I've been boating for 60 years... since I was 2 months old. My parents had a 40' displacement cruiser kept in Seattle, though we lived in the SF Bay area. As a child we spent July and August cruising the San Juan and Gulf Islands. The first boat that I bought for myself was a Hobie 16 that I sailed when I lived in Houston for a few years. After my parents passed, we took over their old wooden cruiser. Our children grew up cruising on that old boat, but our trips were limited to 2-3 weeks.

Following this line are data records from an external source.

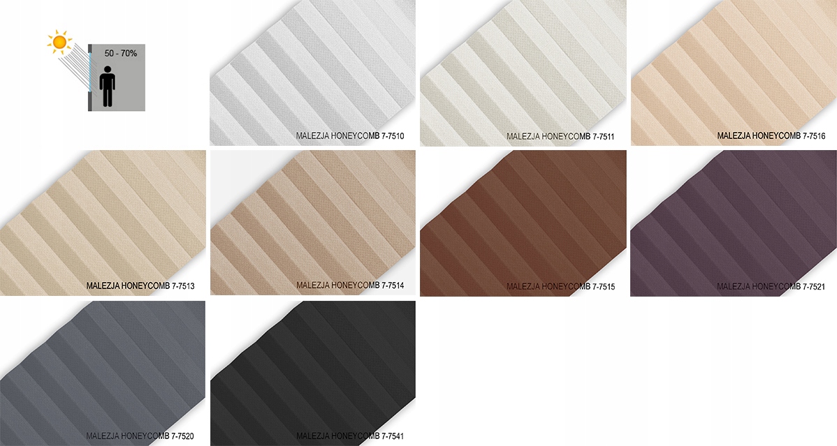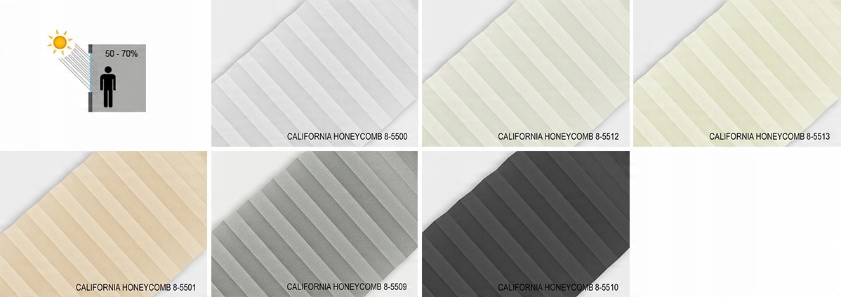 OCTAWIA, MALAYSIA, CALIFORNIA, DAISY, ZOJA HONEYCOMB - материал, комбинированный из двух складок. Для ткани «соты» характерны более мелкие складки в складках. В разрезе он напоминает соты. Кроме того, соты повышают эстетику интерьера, позволяя разместить внутри ткани струнные механизмы и направляющие.
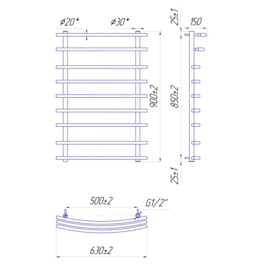 Рушникосушарка Маріо 900х630/500.дозволяє виконати нижнє, діагональне або бічне підведення води. Кількість секцій — 9, з круглої труби. Виготовлена з полірованої нержавіючої сталі. Для потреби водяну модель можна переобладнати на комбіновану, встановивши ТЕН, рекомендована потужність якого становить 200 Вт.
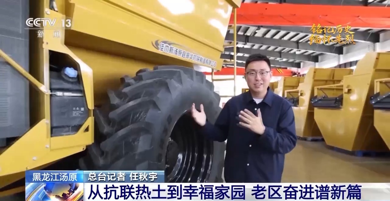 總臺記者 任秋宇:我的身高是185cm,我身邊的輪胎幾乎和我一樣高,這臺機械是湯原縣一家機械制造企業(yè)自主研發(fā)的大型鮮食玉米收割機。以往鮮食玉米的收割,主要依靠人工和小型的機械,像這么大的收割機,因為技術(shù)“卡脖子”的原因只能依賴進口。而這家企業(yè)通過自主研發(fā),解決了技術(shù)上的難題,這臺機械正在試驗階段,明年就能上市了。
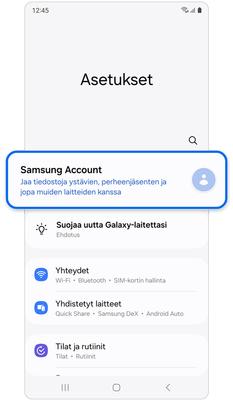 Tietokone: Siirry osoitteeseen account.samsung.com > Kirjaudu sisään > Profiili > Samsung account -tilin hallinta tai Muokkaa henkilökohtaisia tietoja. Matkapuhelin: Asetukset > Samsung account -tili > Profiilitiedot.
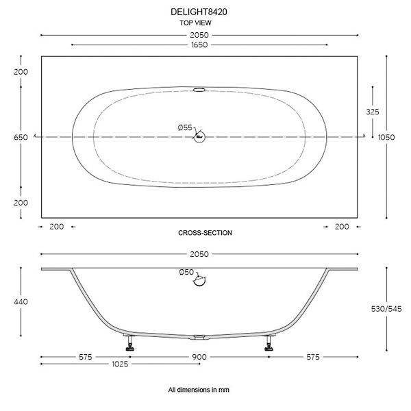 205 x 105 x h 53/54,5 cm
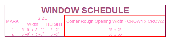 Notice, in the generated schedule, automatic property Corner Rough Opening Width – CROW1 x CROW2 is displayed.
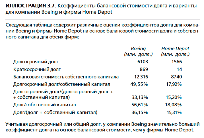 Первый коэффициент измеряет долг как долю в общей сумме капитала фирмы; он не может превышать 100 %. Второй коэффициент измеряет долг как долю в балансовой стоимости собственного капитала фирмы, и его можно легко вывести из первого коэффициента:

A year ago we moved on to our current 40' Tollycraft Tricabin. As much as I loved the old boat,maintaining a wood boat was becoming more difficult as the old yards close down. We'd started off to buy a Grand Banks 42 and looked at the Tollycraft on a lark. To our surprise we really liked the boat, it was a perfect size for us. We also own a 21' Wellcraft that we use on Lake Tahoe in the summers, and we're still in the process of trying to sell/donate the old wooden boat I grew up on. So we're a bit boat rich, or poor depending on how you look at it.
 
I am retired now but have spent a lifetime working with/on/around boats. 25 years as a boat operator for Glacier Bay National Park. Mostly heading up a "pilot boat" operation putting park personnel on and off cruise ships. Interspersed with the NPS work I built a 40' sailing catamaran and 10 or so other boats and operated charter boats.